The Justice Department has announced that seafood wholesalers Karen Blyth and David Phelps were sentenced to 33 months and 24 months in prison, respectively, for violating the Lacey Act, etc. A third defendant charged in the case, John Popa had previously pleaded guilty to similar offenses, and is scheduled to be sentenced on May 26, 2011.
The U.S. Court of Appeals for the Federal Circuit has affirmed the Court of International Trade's decision in Dell Products LP, v. U.S., that for tariff purposes, goods put up in sets for retail sale refers to goods that are offered to customers as a set for purchase rather than to a collection of goods that are assembled into a set after the customer has purchased them, in which case, the goods would be classified separately.

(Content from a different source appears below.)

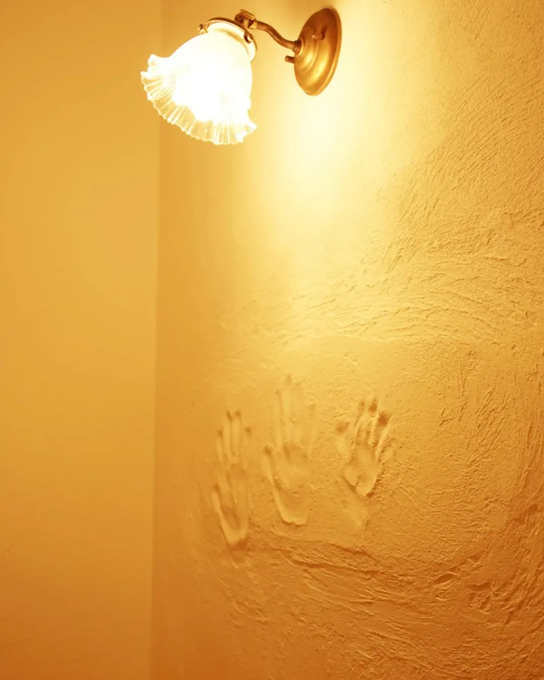 漆喰が乾く前に、お子様の手形や家族の記念を残す方法があります。
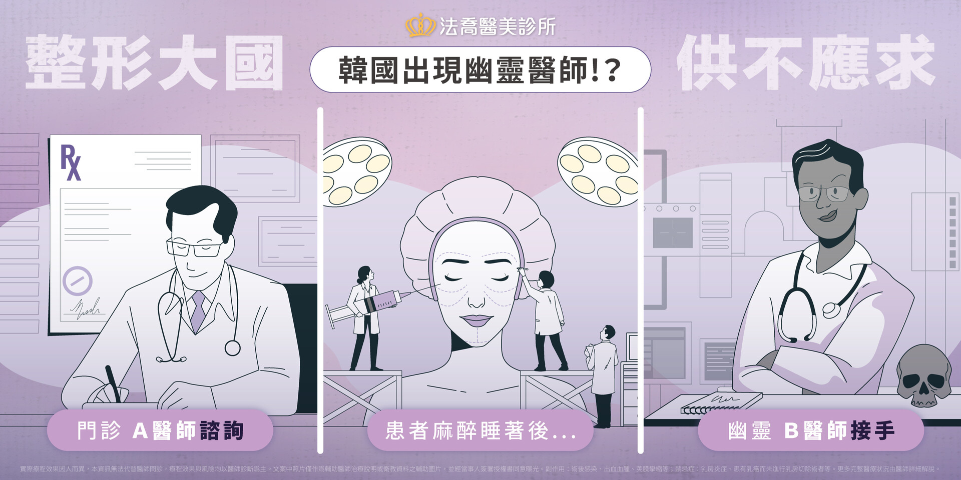 其實幽靈醫師在韓國早已不是罕見的情形,而是整形外科「公開」的秘密😲 也就是指診所在患者手術時,全身麻醉、沒有意識的情況下 擅自以 "非主治醫師" 的「幽靈醫師」代為執刀,而主治醫師則是在多場手術、甚至宣傳活動中奔波,為診所謀取更大的利益。

The Justice Department has announced that on April 29, 2011, Alberto Arellano-Felix, an alleged leader of the multi-national drug trafficking Arellano-Felix Organization (AFO), was extradited by the government of Mexico to the U.S. to face charges for conspiracy to import and distribute cocaine and marijuana. The indictment alleges that the AFO leadership negotiated directly with Colombian cocaine trafficking organizations for the purchase of multi-ton shipments of cocaine, received those shipments in Mexico by sea and by air, and then arranged for the smuggling of the cocaine into the U.S. and its further distribution throughout the U.S. The proceeds of the AFO’s drug trafficking, estimated to be in the hundreds of millions of dollars, were allegedly smuggled back into Mexico.

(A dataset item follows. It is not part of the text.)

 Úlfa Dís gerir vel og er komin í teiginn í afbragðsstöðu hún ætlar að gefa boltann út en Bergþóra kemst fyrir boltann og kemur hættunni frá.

The U.S. Attorney's Office for the Western District of Washington announced on February 14, 2011, that James Armstrong, a retired dentist, and his son, Gregory Armstrong, were sentenced for selling and dispensing counterfeit drugs with the intent to mislead or defraud. According to the records filed in the case, on April 9, 2010, U.S. Customs and Border Protection (CBP) agents in Los Angeles intercepted a package that had been sent from China addressed to a mail box in Washington, containing 2,544 pills of counterfeit erectile dysfunction drug Viagra® and 260 pills of Cialis®. Over the course of a year, 22 packages arrived at the box from China and India. James Armstrong was sentenced to a $30,000 fine and one year of supervised release. His son was sentenced to a year and a day in prison, two years of supervised release and a $5,000 fine.
On February 9, 2011, the U.S. Attorney's Office for the Eastern District of Missouri announced that Mark Hughes was sentenced to 46 months of imprisonment on multiple charges involving the illegal importation and sale of counterfeit and misbranded Viagra® and Cialis®, and to pay restitution. According the facts filed with the court, for about three years prior to December 2009, Hughes began ordering large quantities of prescription and pharmaceutical drugs from sources in India and China without prescriptions for resale. Hughes is not licensed or authorized to sell and distribute prescription drugs and pharmaceuticals.